Whenever I run my tap to target-snowflake, I get a...
# troubleshooting
i
Whenever I run my tap to target-snowflake, I get all these files in my project root. What's causing this behavior?
j
With Snowflake if you look at the logs you will see that the files are generated and sent to a temp Internal Stage once completed a COPY FROM that stage is conducted. This is optimal for loading data into Snowflake. Where I see this goes wrong is that the files stay locally unless you are using batch were the Files are removed by setting: clean_up_batch_files to true.
👍 1
I also think that you should be able to select a Stage to use if you want to keep the batches for Data Lake or recovery purposes.
i
See this is where I'm confused, though. If the
clean_up_batch_files
setting defaults to true, shouldn't it be cleaning up those batch files?

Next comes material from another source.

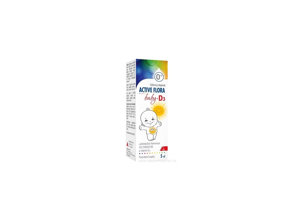 Active Flora Baby +D3 je výživový doplněk určený pro novorozence, kojence, děti i dospělé, který kombinuje probiotika s vitamínem D3. Tento produkt podporuje zdravou střevní mikroflóru, zlepšuje trávení a zároveň přispívá ke správnému fungování imunitního systému. Obsahuje známý a klinicky ověřený probiotický kmen Lactobacillus rhamnosus GG (LGG®) a denní dávku vitamínu D3, nezbytného pro zdravý růst a vývoj kostí u dětí.

And I also set it to true in my config to double check
j
Only if you are using Batching, the default insert behavior is not Batch but bulk, they act similar due to how bulk inserts work within Snowflake.
Bulk Insert you will see no clean up within this method Batch Insert you will see a clean up block within this method This should be an easy fix, I may put in a pr for it in a couple weeks when I have time. I broke that cardinal rule and shimmed it for my use case.
i
So is the fix to use batching? How do I use batching instead?
Do incremental replications (like when there's a state replication_key that it's using) bulk insert by default?
j
No those are two different things, for batching you need to add
batch_config
--> docs
I would take sometime to familiarize yourself with Meltano SDK and dig into the tap / tgt repos, to see how they work. The docs on the Tap/Tgt are light leaving you to fill in a number of gaps.
In yaml as example
🙌 1
i
So this is only achievable once I've set a state backend, correct?
j
nope
State and batching are two separate things, meaning you do not need state to batch, or do incremental etc. Batching is more like pagination in that it will chunk up the stream into more consumable chunks
i
Alright that makes sense. What I was referring to is if batching needed to be pointed at a storage account similar to state backend when it's deployed to a prod environment. So will I just add that batch_config to my target config?
And could that storage root be pointed at a blob storage container?
j
Yes, I would dig into the SDK docs as the meltano docs and tap/tgt docs are light on this. In order to get S3 to work you have to it as a dep to the
pip_url
for S3 I am not sure if it is using Boto3 or something else.
🙌 1
i
Gotcha - I'll take a look, and if I just set the batch_config in my Snowflake target config (Without pointing them to blob store) the batch files will land and be cleaned up from
$MELTANO_PROJECT_ROOT
as they are right now?
j
tgt default: If you did not change storage.root then yes as
file://
is relative
i
thank you very much
np 1
j
https://github.com/MeltanoLabs/target-snowflake/issues/95 not sure if this is relevant at all because i was encountering the same problem. i never saw this problem when working within my linux container
j
possibly, I am going to be running it in docker shortly, I will pass on my results
i
Interesting. So I guess use a linux distro for my container? lol
j
I use Debian (?) Without much issue
I think it had to do with how the file path is being constructed
And it differs in windows vs linux
i
Interesting - thank you!